Germany Prepares To Ban Scientology

Source: Belfast Telegraph
Date: December 8, 2007

The proposals were unveiled by interior ministers of Germany's 16 federal states and, if implemented, could result in the country becoming one of the first in Europe permanently to outlaw the organisation.

Erhart Korting, Berlin's Interior Minister, who chaired the meeting, insisted afterwards: "All ministers present were unanimous in their view that Scientology is an organisation not compatible with the constitution." He said steps would be taken to implement a ban.

Hamburg's Interior Minister, Udo Nagel, the chief proponent of the ban, described the organisation as a "psycho-ideology" which aims at the "total suppression of the individual".

Sabine Weber, a Scientology spokeswoman, said she was dismayed by the proposals and stressed that the organisation had recently been recognised by the European Court of Human Rights as a religious community. Scientology claims to have some 30,000 members in Germany. The German government believes the number is closer to 6,000. The government considers Scientology to be a commercial enterprise which exploits vulnerable young people.

The organisation has been under intelligence surveillance for more than a decade but drew renewed criticism earlier this year after it opened a new headquarters in Berlin and announced its intention to widen its influence.

One of its most prominent members is Tom Cruise.
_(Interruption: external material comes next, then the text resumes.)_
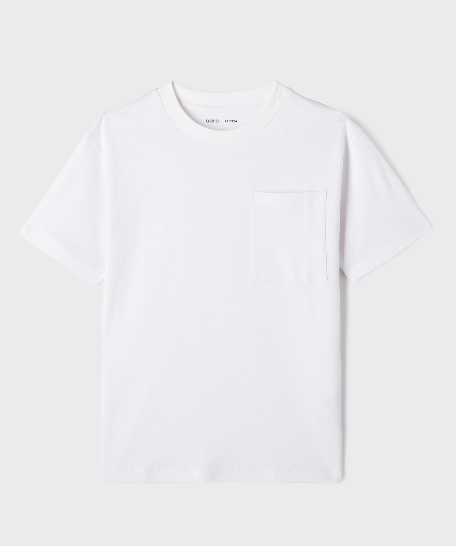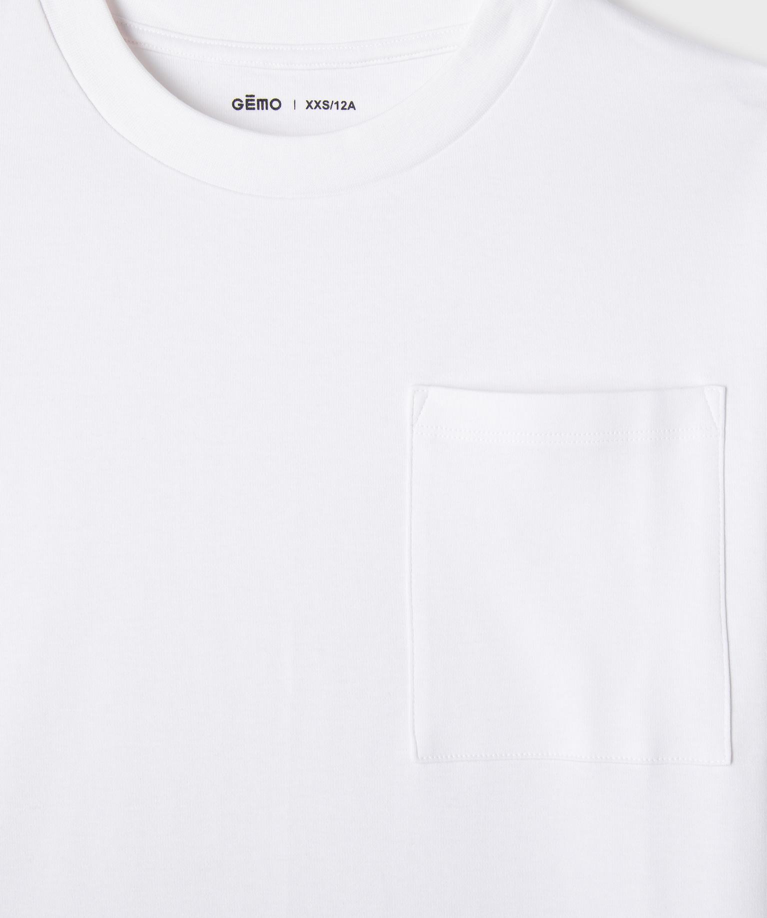 Tee-shirt manches courtes en jersey de coton à poche poitrine garçon blanc

The Hollywood actor is currently starring as the main character in Valkyrie ,a film about the failed attempt by German army officers to assassinate Adolf Hitler during the Second World War.

Cruise's Scientology membership was the reason behind a German Defence Ministry decision earlier this year to refuse the actor permission to film at a location in Berlin where the leader of the plot was executed. The ministry later relented, however.

Germany's Protestant church has compared Cruise to Joseph Goebbels, the Nazi Propaganda Minister, and recently argued that he was using his celebrity status to promote Scientology.